----Tonight was pretty intense & it's only going to get worse....so get used to it. If you can't handle it & you don't want to do the work or the cleaning then you can leave.---- In so many words, that was the parting message from the Chef tonight. (And I'm glad she said it.) Just about everyone left the class annoyed or mad at someone or themselves. I was pleased with my results but was reaching my limit of patience with a handful of classmates.

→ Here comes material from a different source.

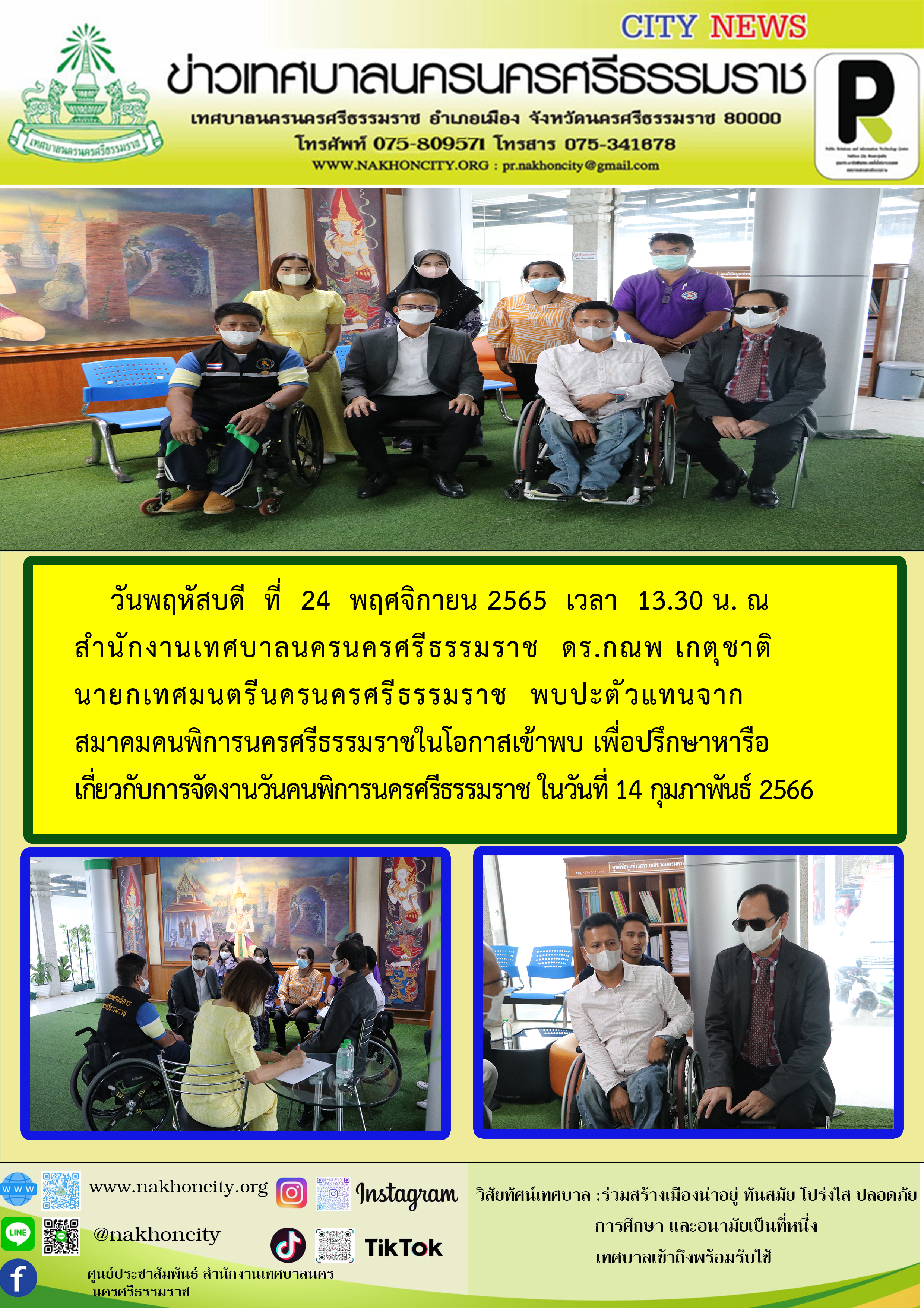 | วันพฤหัสบดี ที่ 24 พฤศจิกายน 2565 เวลา 13.30 น. ณ สำนักงานเทศบาลนครนครศรีธรรมราช ดร.กณพ เกตุชาติ นายกเทศมนตรีนครนครศรีธรรมราช พบปะตัวแทนจากสมาคมคนพิการนครศรีธรรมราช ในโอกาสเข้าพบ เพื่อปรึกษาหารือเกี่ยวกับการจัดงานวันคนพิการนครศรีธรรมราช ในวันที่ 14 กุมภาพันธ์ 2566

It was a lot of work & a whole lot of cleaning, but if you paid attention, stayed organized & took seriously what you were doing, it was not hard. We worked in teams of 2 & had to produce 4 variations of 2 of the mother sauces then turn those 4 into 4 small sauces. I know that was confusing but hopefully I can explain it in simple terms.
The 5 mother sauces are Bechamel (White Sauce), Espagnole (Brown Sauce), Tomato, Hollandaise & Veloute. Tonight we made Bechamel & Veloute. We made three types of Veloute - Chicken, White Veal & Fish.
Bechamel = Milk + White Roux (roux is equal parts clarified butter & flour combined & cooked to a creamy peanut butter consistency & then used to thicken liquid - cooking it shorter or longer determines the color from White, Blonde to Brown or even darker in New Orleans - Brick)
Chicken Veloute = Chicken Stock + Blond Roux
White Veal Veloute = White Veal Stock + Blond Roux
Fish Veloute = Fish Fumet (Mirepoix & Fish bones sweated in wine & then water added to make into a stock) + Blond Roux
Once we made the 3 veloutes & the bechamel then those were turned into 4 small sauces:
Mornay = Bechamel + Gruyere & Parmesan (like Alfredo but better)
Supreme = Chicken Veloute + tempered cream + lemon + s&p, finished with a little butter (Creamy chicken sauce with a hint of lemon)
White Wine Sauce = Fish Veloute + 1/2 reduced wine + tempered cream + lemon + s&p, finish with a little butter (Creamy fish flavor with a hint of wine & lemon)
Allemande Sauce = White Veal Veloute + tempered liaison (egg yolks whisked with cream) + lemon + s&p (veal/beef flavor, creamy with a hint of lemon)
My partner & I did pretty well. We were please with all of the results & when chef tasted them she thought the flavor profiles were prominent. The key was tasting it throughout the process & then deciding should this simmer longer, does it need seasoning, more thickener, etc. We also got a private lesson about salting. We were conservative with the salt & she explained very well that you should always salt near the end, let it incorporate, taste again & then salt again, if nec. Keep salting & tasting as long as the salt is bringing out more of the sauce flavors. As soon as you think the salt is about to go over the edge & start to make it taste salty, don't salt again. Push the flavors all the way to the edge & then stop salting.
All of these sauces were easy to make & very worth the effort. There are only a few ingredients in each sauce because the focus is to bring out the primary flavors of the stock. Heating, reducing & thickening with the roux concentrates those flavors. If you want to try any of these sauces don't be intimidated. I will try to get recipes posted by the weekend. If there's anything specific you want to know, please let me know.